ところが、初めは緊張していた先生方も終わったら「ありがとうございました。何かアドバイスを下さい」と言われるのですが、なかなかいい授業をしているなあと感心させられ、特にアドバイスすることもなかったように思います。生徒たちはみんな、非常に静かでまじめに授業に取り組んでいたのが大変印象的でしたし、授業もとても家庭的な雰囲気で、親和の校風そのものだと感じました。
何より、生徒たちが喜んでくれたのはうれしかったですね。「校長先生、授業に来てくれてありがとう!」などと言ってくれました。
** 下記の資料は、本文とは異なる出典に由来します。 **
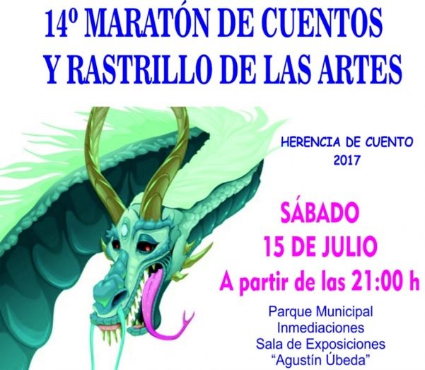 Un año más el Ayuntamiento de Herencia, desde la BPM Miguel de Cervantes y el área de Juventud, organiza su ya tradicional Maratón de Cuentos y Rastrillo de las Artes. Una cita obligada para todas las personas aficionadas a la narración oral, y para los que aún no la conocen y quieren disfrutar de la palabra y de las emociones. Será a partir de las 9 de la noche en el Parque Municipal.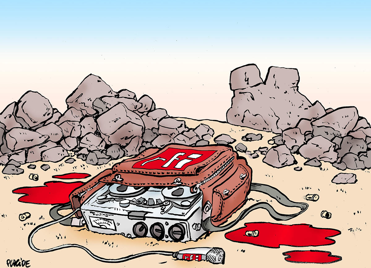 Ils sont dessinateurs de presse en France et un peu partout dans le monde. En 2013, choqués par l’assassinat de nos confrères Ghislaine Dupont et Claude Verlon, ils avaient tenu à réagir avec leur crayon pour dénoncer la violence de ces meurtres et cette insupportable atteinte à la liberté d’expression.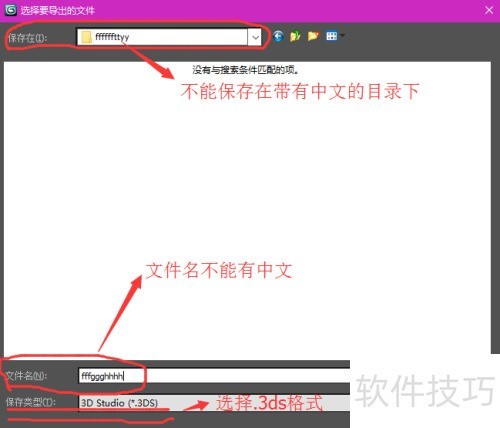 4、 点击导出,将文件类型设为.3ds(注意:文件不可保存在含中文的目录下,文件名不能有中文)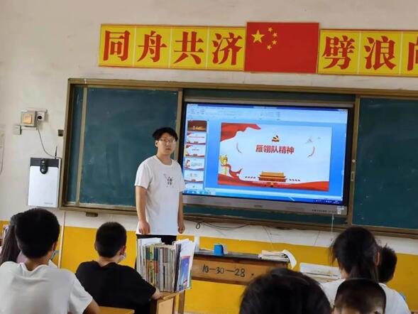 为庆祝中国共产党成立101周年,喜迎党的二十大胜利召开,引导青少年从小听党话、感党恩、跟党走,培养担当民族复兴大任的时代新人。7月4日云顶国际8588yd社会实践团队分别前往河北省定州市庞村镇东南宋小学、河北省邢台市任泽区北甘寨村小学,向员工们宣讲红色故事。通过重温雁翎队精神,回顾英雄征程,新时代新青年发言三个部分,让同学们了解红色精神,发扬红色精神。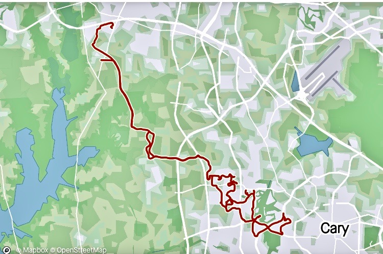 I eventually started meandering around back in the direction from which I came; I got back on the American Tobacco Trail. Here is the total ride, a little more than forty miles total.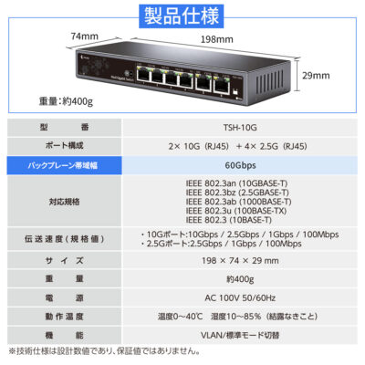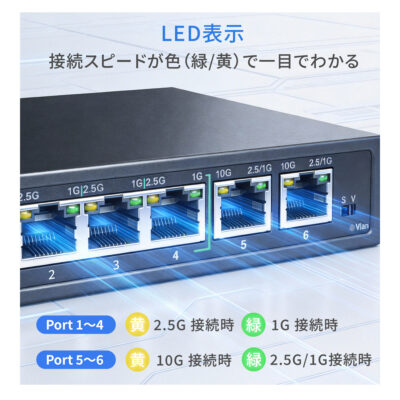 商品仕様 ポート構成:2×10G (RJ45) + 4×2.5G (RJ45)

「ちゃんと自分たちのことを見てくれているんだ」という安心感を生徒たちに与えることができたのは意外な成果だと思っています。
―少子化によって、同世代の友人たちと本気で触れ合う機会が少ない子どもたちが増えているのではないでしょうか。
中高一貫の6年間、同じ仲間とともに、集団の中で学んでいくことは、将来につながる人間の幅が広がることにつながります。しかしそのためには、私たち教師がしっかりと一人ひとりを見守り、「学びの場」を設けなくてはいけません。
私の専門は日本史ですが、日本の教育の原点は、江戸時代の「寺子屋」にあるのではないかと思っています。渡辺崋山の絵で見る寺子屋は、けんかをしたり、学習に飽きていたずらをしたりしている子もいて、色々な子供たちがいる雑然とした中で、先生は工夫しながら一人ひとり手厚く見ているのだろうなという雰囲気が伝わってきます。もちろん環境が全く違いますから、そのまま現代に置き換えるわけにはいきませんが、学ぶべき精神がそこにあるような気がしています。
一人ひとりに適した環境で将来を見すえたカリキュラムを
―親和らしい「学びの環境」とは、そんな寺子屋に通じる家庭的な雰囲気がありそうな気がします。
「家庭的な、手厚い指導」というのは、親和の教育の原点です。
現代は、生徒や親御さんが学校に求めるものが多様化しています。それら一つひとつに、私たちは真剣に応えていかなくてはいけません。
従来は、大勢の生徒を集めて効率の良い教育をするのが学校の使命と考え、それがまた時代の要請でもありましたが、今はそれとともに、多様化したニーズに応えるために、一人ひとりに合わせた教育が求められているのではないかと思います。
現代にも通じる校祖の言葉
―新しい年を迎えていかがでしょうか。
昨年、親和は創立125周年を迎えました。それを機に校祖友國晴子先生の言葉を見直してみました。「教育は消極的であってはならない」「少数の生徒にも渾身の誠を込めた精神教育を施す」。これは今の時代でも大切なことだと改めて感じています。
少子化の中、子供たちは日本の貴重な財産です。グローバルな社会で活躍できる人に育てていくのは私たちの使命です。校祖の教えを受け継ぎ、更に新しい風を取り入れながら、親和は前へと進んでいきます。
向田 茂(むかいだ しげる)
親和中学校・親和女子高等学校 校長
1974年東京教育大学文学部卒業。西宮市立西宮東高校教諭などをへて、2003年兵庫県立尼崎高校校長就任。以来、兵庫県立芦屋高校、兵庫県立神戸商業高校、兵庫県立姫路西高校の各校長をつとめる。2012年4月より現職。